Wondering if your tyres are still in good condition? Find out how to check the tread depth to make sure you’re within the legal limit. It's easy and quick to do, not to mention important, since a bald tyre puts you at risk of both an accident and a hefty fine.
There are several easy ways to check the tyre tread. First of all, park your vehicle on a flat surface and turn your wheels 45 degrees to the right or to the left to gain easy access to your front wheels. We show you three ways to check the tread wear of each tyre:
Tyre Wear indicator
All tyres come with a tread wear indicator: this is a 1.6mm thick rubber bar embedded at the bottom of the tyre’s main grooves. When the tread wears down to the level of this indicator, this means that the tyre has reached the legal minimum tread depth and needs to be replaced. This check is quick and easy to do, and ensures that if your tyres are close to the legal limit, it’s you who notices it first, and not a police officer!
To help you locate the position of the tread wear indicator on your tyre, a small mark is stamped on the tyre’s sidewall. It may be the initials TWI (Tread Wear Indicator), the brand logo or a triangle.
Certain brands, such as Continental, also insert intermediate tread wear indicators: when they disappear, this indicates that the tyre no longer offers optimum performance on wet roads. For winter tyres, tread wear indicators show when the tread depth reaches 4mm.

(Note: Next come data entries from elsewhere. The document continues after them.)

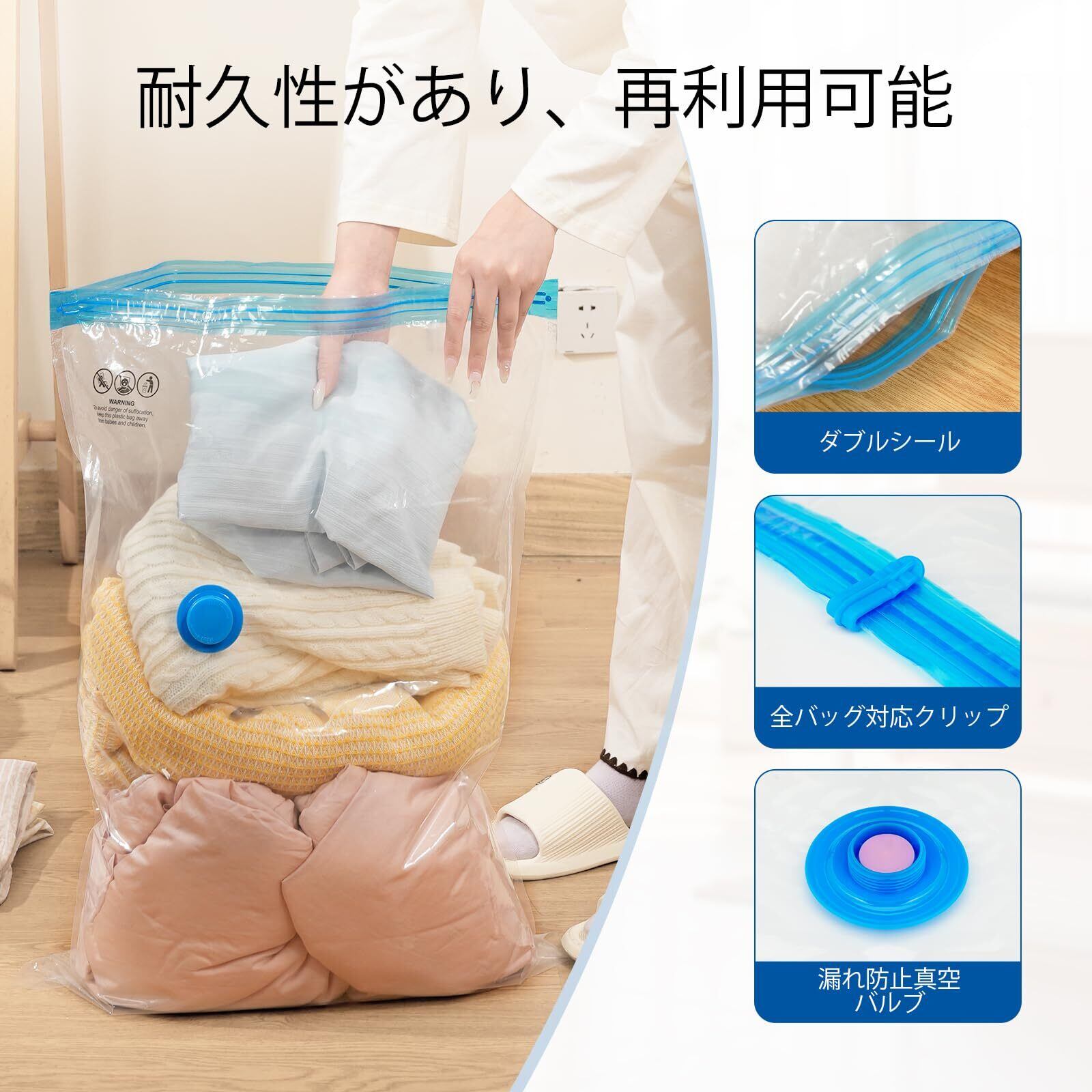 耐久性と気密性:衣類圧縮袋は、トリプルシールターボバルブとダブルジッパーシールを採用し、強力な密封性を備えています。厚みのあるPA+PE素材で作られており、破れにくく再利用も可能です。固定クリップも付いているので、密封作業をより迅速に行うことができます。
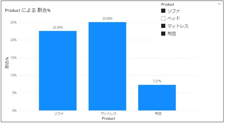 このように、品目にフィルタを適用しても、全体の値に対しての割合を求めることができます。
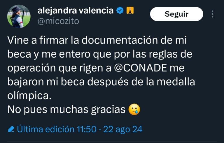 La medallista de bronce en los Juegos Olímpicos de París 2024, Alejandra Valencia, expresó su sorpresa y descontento al descubrir que su beca otorgada por la Comisión Nacional de Cultura Física y Deporte (Conade) había sido reducida tras su destacada participación. Valencia, quien obtuvo el tercer lugar en la modalidad de tiro con arco en equipo, denunció la situación a través de sus redes sociales, aclarando que no fue notificada previamente sobre la disminución en el monto de su apoyo.
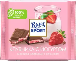 Шоколад молочный Ritter Sport с начинкой Клубника с йогуртом, 100г
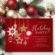 Invite a amigos, familia o compañeros de trabajo a su celebración de vacaciones con esta elegante invitación a fiestas de oro y rojo. Con estrellas doradas y blancas, adornos y copos de nieve en un rico fondo rojo, este diseño atemporal captura a la perfección el calor y el brillo de la temporada. Ya sea que esté organizando una cena para Navidades, una fiesta de oficina o una reunión de cócteles festivos, esta invitación al personalizable le agrega el toque perfecto de temporada. Imprimido en papel de alta calidad con colores vivos y un acabado profesional, es una hermosa manera de compartir su alegría de vacaciones. Personalice con sus detalles del evento, incluyendo fecha, hora, ubicación, información de RSVP, y más, para crear una invitación tan única como su celebración de vacaciones.
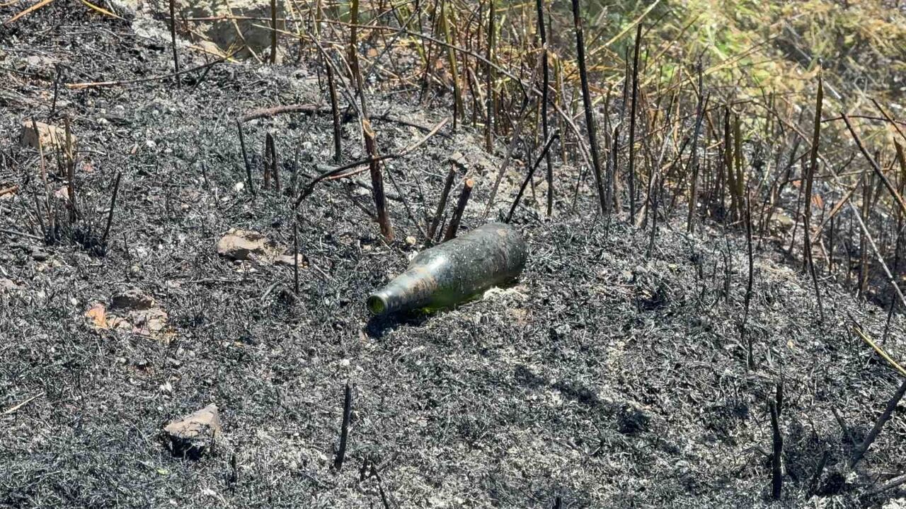 Düzce’de yol kenarına atılan cam şişeler anız yangını çıkarttı. Yangında 2 ceviz ağacı zarar gördü.
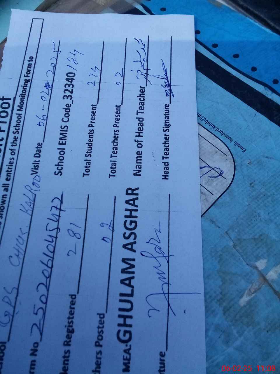 | EMIS Code: 32340124 | Name of School: GPS CHAK KALROO | |||

Finally, other brands such as Nokian use a numerical tread wear indicator for their winter tyres: numbers on the tyre indicate the tread depth, disappearing as the tyre wears down.
Tread depth gauge
To get a more precise idea of tyre wear, pick up this inexpensive tool from your nearest auto centre. A tread depth gauge is more precise than a tread wear indicator and allows you to accurately measure the exact tread depth of your tyres at any point on their surface, which is particularly important as tyres do not wear evenly.
20p tyre test
If you have yet to buy a tread depth gauge, an approximate measurement can be taken by placing a 20p coin into the grooves on your tyre: if the outer rim of the inserted 20p coin edge is visible, then your tread depth might be below the legal limit and you should get your tyres checked by a professional. However, measuring tyre tread depth with 20p is less accurate than using a depth gauge.
Finally, if you should ever find yourself needing to check your winter tyre tread on the continent, you can use a 2 euro coin. If the sliver outer edge is visible above the groove, then the tyre is worn.
Why is tyre tread depth important?
Tyres are the only contact between your vehicle and the road. The tyre tread forms small grooves and ridges which run along the rubber surface of a tyre. They shape the tread pattern of the tyre. That is why the quality of the compound and tread depth are important with both directly impacting your tyres’ ability to grip the road.
What is the legal tyre tread depth?
How do I know when my tyres need changing? In the UK and Europe, the minimum legal tread depth is 1.6mm across the central ¾ of the tread, over the entire circumference of the tyre. Bear in mind that, in wet conditions, tyre performance starts to deteriorate well before reaching this level of wear. This is why some tyre wear indicators allow motorists to monitor the stages of tread wear and see the threshold at which wet performance is reduced.
If you’re caught with tyres below the minimum tread depth, you risk a fine of £2,500 plus 3 penalty points (and that’s per tyre). Furthermore, insufficient tread depth will cause your car to fail its MOT.
Is 3mm tyre tread ok?
In some countries, there is a higher minimum tread depth for winter tyres. For example, take care if you are travelling in Austria between 1st November and 15th April: winter tyres are mandatory and the minimum legal tread depth is 4mm.
Bald tyres: what are the risks?
Driving with worn tyres, makes you more susceptible to aquaplaning and punctures. For example, as a summer tyre wears down, it doesn’t grip as effectively, especially in wet conditions. In other words, driving with worn tyres, means you risk losing control of your vehicle.
You should check the tyre tread depth regularly. The tread pattern is a guarantee for the safety and performance of your tyres. Use tools such as a tread depth gauge or 20p coin to correctly measure the depth of the tread. If safety and legal requirements are no longer guaranteed, then it is time to change your tyres.